Sewar a une formation en économie d'entreprise, ce qui collait finalement plutôt bien au problème sur lequel nous avons fini par passer notre temps.

Car le plus dur n'est pas d'amener un modèle d'IA à faire quelque chose d'impressionnant une seule fois.

Le plus dur, c'est de comprendre le travail assez bien pour qu'il produise quelque chose d'utilisable, encore et encore. Y compris quand le dossier sort un peu de l'ordinaire, qu'une exception surgit, ou que la personne qui sait normalement quoi faire n'est pas assise à côté.

Il faut les deux. Comprendre ce que la technologie sait faire, et comprendre le travail, l'entreprise et les gens qui vont s'en servir.

C'est autour de cette combinaison que nous avons construit Ellypsis.

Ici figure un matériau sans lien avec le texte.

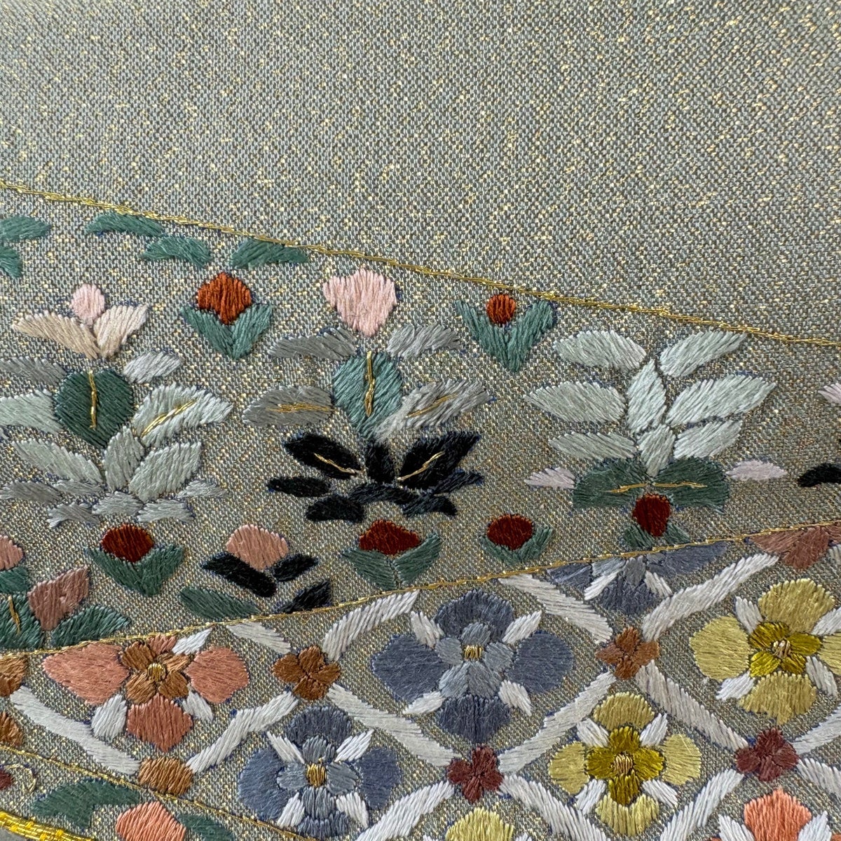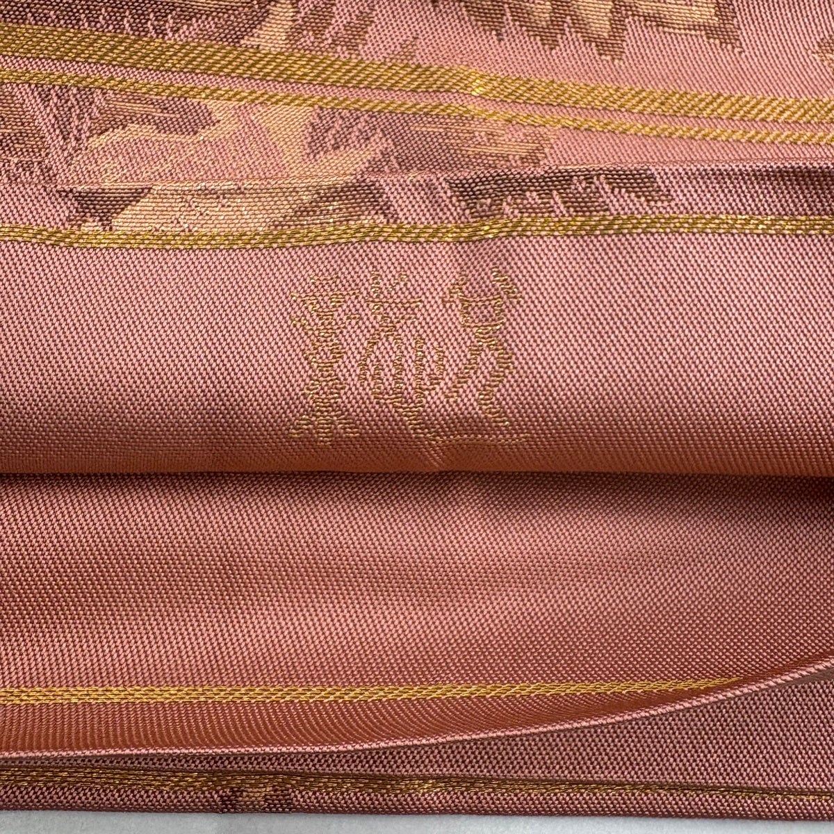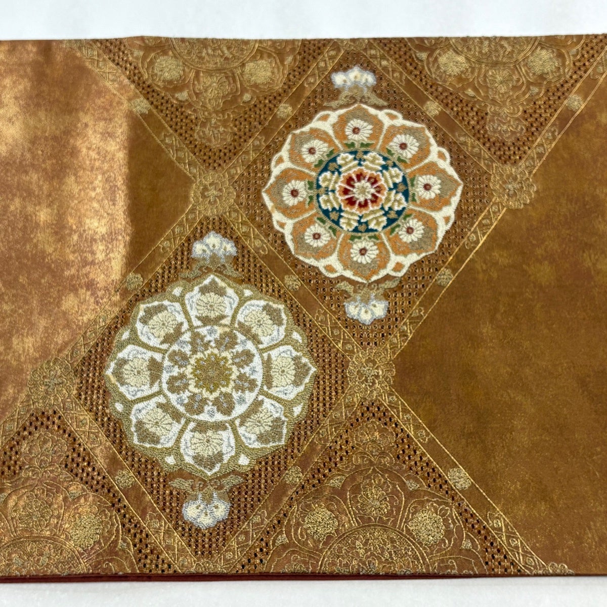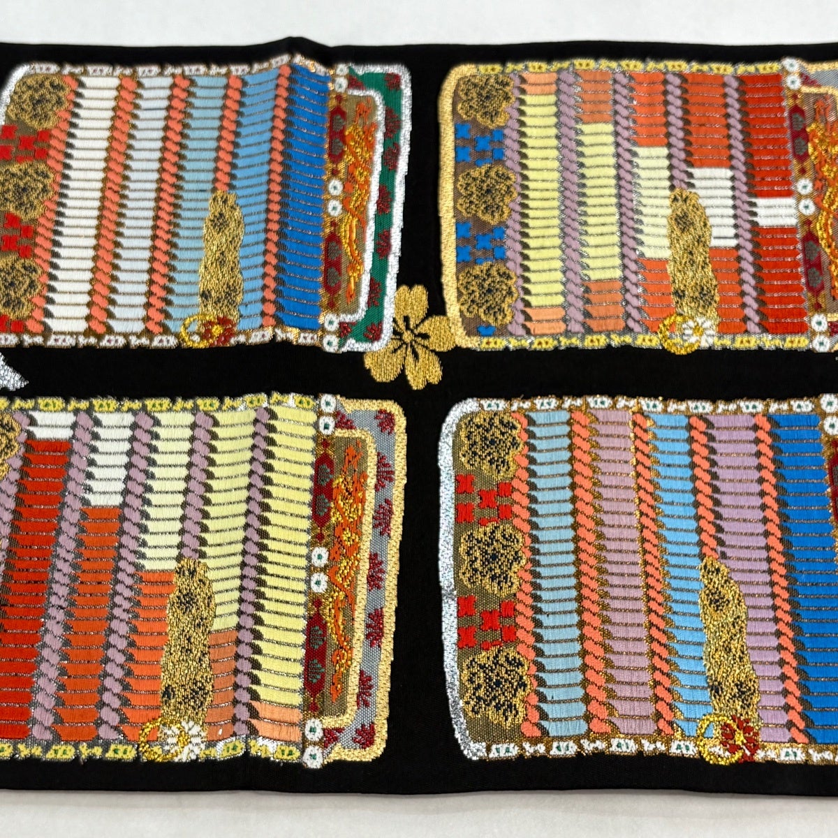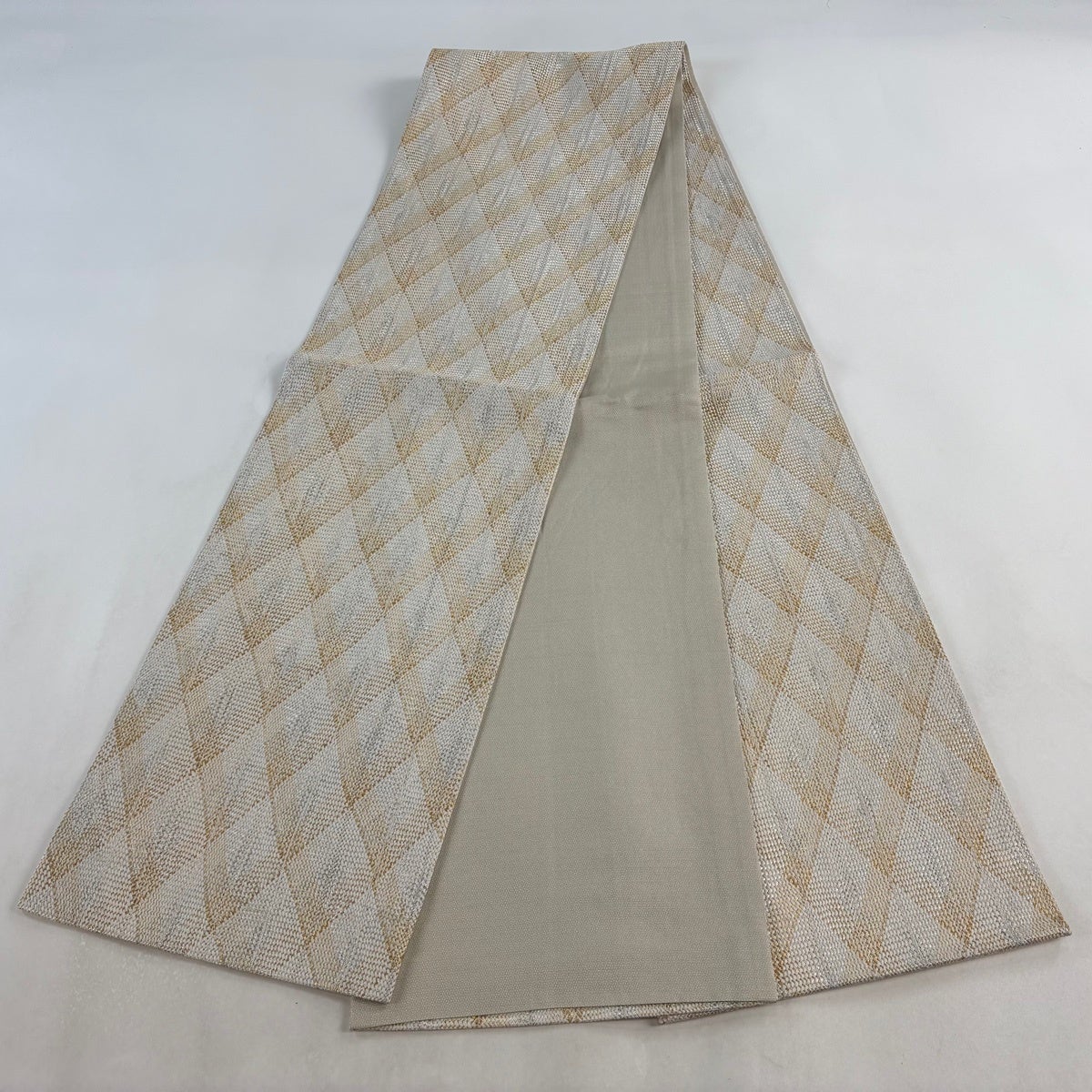 袋帯とは女性用の主にフォーマル用の帯で第一礼装として着用されることが多く、形状は表地にのみ柄があり裏地は無地になるように袋状に織って作成されたため袋帯という名が付きました。 帯を締める際にはおめでたいことが重なりますようにという願いが込められている二重太鼓や成人式の際に振袖に見かけるふくら雀や文庫結びなどの変わり結びを用いて着用します。

Nous travaillons au plus près des gens qui font vraiment le travail. C'est là que se trouvent les règles, les exceptions et tout ce qui n'a jamais été écrit dans la procédure.

Et nous restons près d'eux ensuite. Car ce n'est pas d'être fini à la date de livraison qui rend un Coworker bon. C'est d'être en service.

Le reste de l'histoire, et pourquoi Ellypsis existe, tout est dans la lettre.

Ce qu'on nous demande
Que devient le savoir qui n'existe que dans la tête des gens ?

C'est l'une des premières choses que nous allons chercher.

Presque toutes les entreprises ont du travail qui se fait « c'est comme ça qu'on fait, c'est tout », parce qu'une personne le fait depuis cinq ans. Le problème arrive le jour où cette personne est malade, change de poste, ou doit l'apprendre à quelqu'un d'autre.

Quand nous construisons un Coworker, cette connaissance doit sortir de la tête de quelqu'un et devenir concrète. Les règles, l'ordre des étapes, les exceptions et les exemples deviennent une partie de la mise en place.

Le Coworker n'obtient donc pas seulement de quoi travailler. L'entreprise reprend la main sur sa propre connaissance.

Est-ce que ça facilite l'intégration des nouveaux employés ?

Oui. Le nouvel employé n'a pas à redécouvrir tout le processus depuis zéro, ni à compter sur la chance pour tomber sur la bonne personne à qui demander.

Le travail, les règles et les exemples sont déjà concrets. Et le Coworker peut aider le nouvel employé à faire le travail de la même façon que le reste de l'équipe, dès le premier jour.

Est-ce que ça peut aider en cas de transmission d'entreprise ?

Oui. Une transmission d'entreprise, ce n'est pas qu'une question de propriété. Des décennies de savoir peuvent être enfouies dans la façon dont l'entreprise travaille.

Quand les façons de faire, les règles et les exceptions deviennent concrètes, l'entreprise dépend moins de ce que quelques personnes ont en tête.

L'IA, n'est-ce pas surtout un gain pour la direction ?

Ça ne devrait pas être le cas.

Pour l'entreprise, un Coworker peut apporter plus de capacité, une meilleure qualité et plus de clients, sans que le travail augmente au même rythme.

Pour l'employé, cela veut dire moins de temps sur les tâches répétitives et plus de temps sur ce qu'il fait vraiment bien. Et quand le travail devient mesurable, sa contribution devient elle aussi plus facile à voir.

Si, à temps de travail égal, vous pouvez gérer deux fois plus de travail ou livrer des résultats nettement meilleurs qu'il y a un an, ce n'est pas seulement l'entreprise qui devrait pouvoir en voir la valeur. C'est aussi un assez bon point de départ pour une négociation salariale.